Genomic Intervention of an Elite Tennis Player
Emine Sporel Özakat makes use of advanced genomic techniques, combined with functional tests, in her personalised sports nutrition practice. Here she shares her strategies within a successful case study.
My client was a 25 year old professional full time tennis player, who was playing in tennis tournaments that were organised by the International Tennis Federation. We first met two years ago and her main complaint was weight gain. During our initial counselling she expressed her main goals to be:
- To lose weight, helping to optimise performance.

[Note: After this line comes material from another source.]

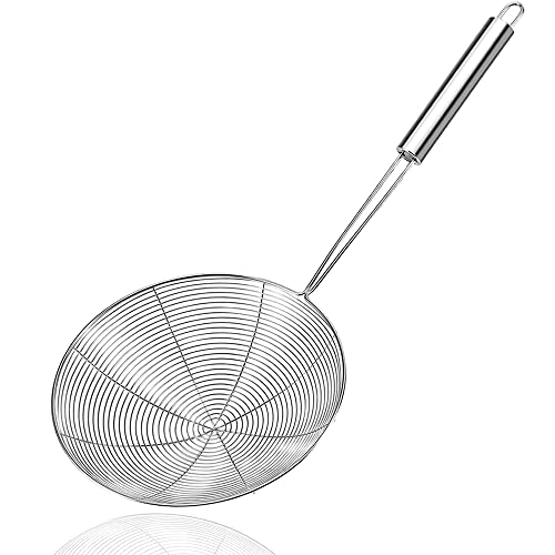 Aiareozy - ملعقة مقشدة دقيقة من الستانلس ستيل مقاس 6.1 انش من اياروزي، ملعقة قشط من الستانلس ستيل للمطبخ، مغرفة مصفاة عنكبوتية لملحقات المقلاة، فلتر بقايا الدهون ورغوة الشحوم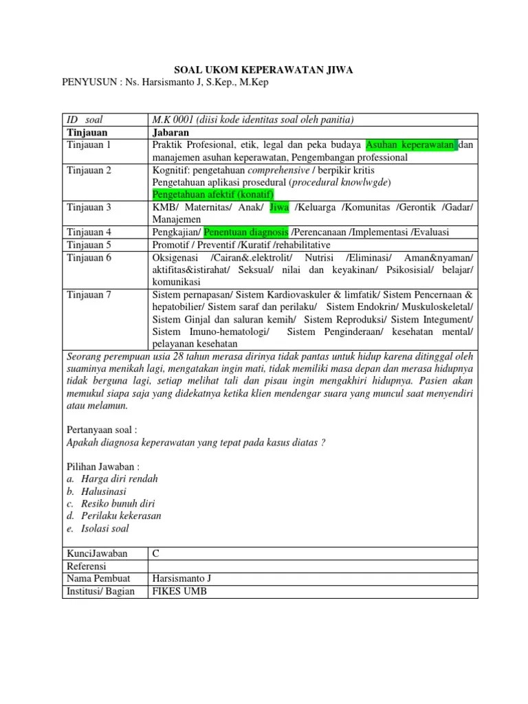 Template soal perawat (beri warna hijau pada item yang sesuai pada kolom jabaran) id soal.

- To learn how to eat in a healthy way, to support her athletic performance while travelling.
Gathering information:
During our first consultation, we plotted her timeline. With her dad being a tennis coach, she started playing tennis at the age of five. She had vivid memories of her father as a strict and demanding coach, plus with a stressful childhood and her parents divorcing when she was 12 years old, she had become an emotional eater. At the age of 17, she was the runner up in the European Youth Championship and that was a big highlight in her carrier. But, it was around that time she started to put on weight, and the weight crept up slowly, but steadily. She was complaining of a strong appetite and sugar cravings, especially around her periods. She had a goal of returning to about the same weight as when she had her career highlight at age 17. During our first consult, she filled in a lengthy questionnaire, which enabled us to gather as much information as possible, to list any possible imbalances within the major physiological systems. The first consultation also revealed another important issue: the athlete and her coach were complaining of a persistent and unexplained performance deficit during the past two to three tournaments. She was also complaining of sleeping difficulties, which had never been a problem before. We then decided to pursue a detailed
integrative plan, including the advanced techniques of genome testing, coupled with functional biomarker information, to investigate her root causes of weight gain and poor performance.
Initial intervention:
The initial intervention involved nutrition counselling. Information on the importance of eating the colours and a phytonutrient spectrum checklist was shared to raise awareness. A daily food road map was co-created with the client and healthy choices of snacks and food timing was addressed. A vital part of the intervention session included portion information. Her emotions were often triggers to binge, so it was incredibly important to create a non-restrictive food plan. Mindful eating interventions were also put into practice. Additionally, I created a list of functional sports supplements from a brand carrying the Informed Sport logo, to be used only if the client was unable to replenish the needs from natural whole foods.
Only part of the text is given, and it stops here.